As of last week, I felt like I walked the stage and received my diploma from "Hard Knocks University of Foster Care".
We almost can't help it, it's only human... when we help others, it feels good to feel appreciated. But what if doors are slammed at your face, texts are ignored, and awful things are said about you? Last week I felt that about half the lives of children in foster care that I worked with truly hated my help... I was either too annoying, too direct, too kind, or not strict enough. Gosh- I even questioned myself and wondered if I was a bad person.
So this entry is dedicated to all my foster parents, providers, child welfare workers, and anyone who is involved with children in the foster care system. It can be absolutely draining. If you're wondering if you should foster- please read this too, because this is the truth and you need to know.
Last week one (out of a few of my children) absolutely could not stand seeing me. I didn't know what about myself made this kid so mad. I asked, and I was shunned... OUCH. I called and there was no answer. I felt so helpless and I wanted to know so badly what I did wrong. Did I say something that triggered emotions? It was eating me alive that something as simple as my presence made this individual so angry. So I gave it a few days before I reached out again, when I did, the text messages were short, and what I felt like were kind words were answered with "ok".
I called my team immediately and I wanted to know what they observed that I didn't pick up.
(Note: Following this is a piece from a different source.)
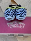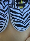 The VANS Authentic Zebra sneakers in Men's size 7.5 or Women's 9 are a stylish and athletic option. Check pics for glue stain on one of the shoes. Released in 2018, these white sneakers feature the iconic VANS Authentic design with a fun zebra theme. Perfect for casual wear, skating, or Halloween. These sneakers are sure to make a statement with their unique style and fashionable appeal.

I went and re-read the treatment plan to see where I went wrong. Then I called my mom and she said: "it's not personal". Those words didn't feel very comforting because it felt truly personal... but she was right.
As a teen, I gave my foster mother the hardest time. I couldn't stand her help and nearly every advice she gave me was ignored. When I think back on how last week felt, I couldn't help but realize why I was the way I was towards my foster mom. She was kind, she was selfless, she was loving, and she was always there. But she a was all the things that remind me of what my biological parents WOULDN'T give me... and for that, I was angry, hurt, confused, and ashamed. I couldn't respond to the "I love yous " because I felt guilty for saying that to someone other than my bio parents. The times when they showed me I was their entire world, made me scared because I was never that to someone before. I pushed my foster mom away the most because my mother left me as a baby... and if my own mother didn't see value in me, why does she?
Guys, it's not personal. It's trauma.
Please don't feel discouraged when your child shows you anything outside of pure happiness to see you. There is a divine miracle that is being shined through you, that neither yourself or your kids can see right now. It takes time... years later my foster mom is the only person in the world that I want when I feel sick, afraid, or unsure. She took the time and just like planting roses to the ground... understanding all the thorns and care it will need... she did that to my life. That is what you're doing right now. I see your tired eyes and your aching heart, trust me... the roses will bloom.
Living over 18 places has taught me that every child deserves a home. Being a survivor of child abuse has taught me that every child needs to be heard. Growing up in foster care has taught me to bloom where I am planted. Being a mother and a wife has taught me to be resilient. Operating a charity has taught me that people really do want to help. Providing homes for youth in care has taught me that bad days does not mean a bad life. Advocating for children has taught me to be brave.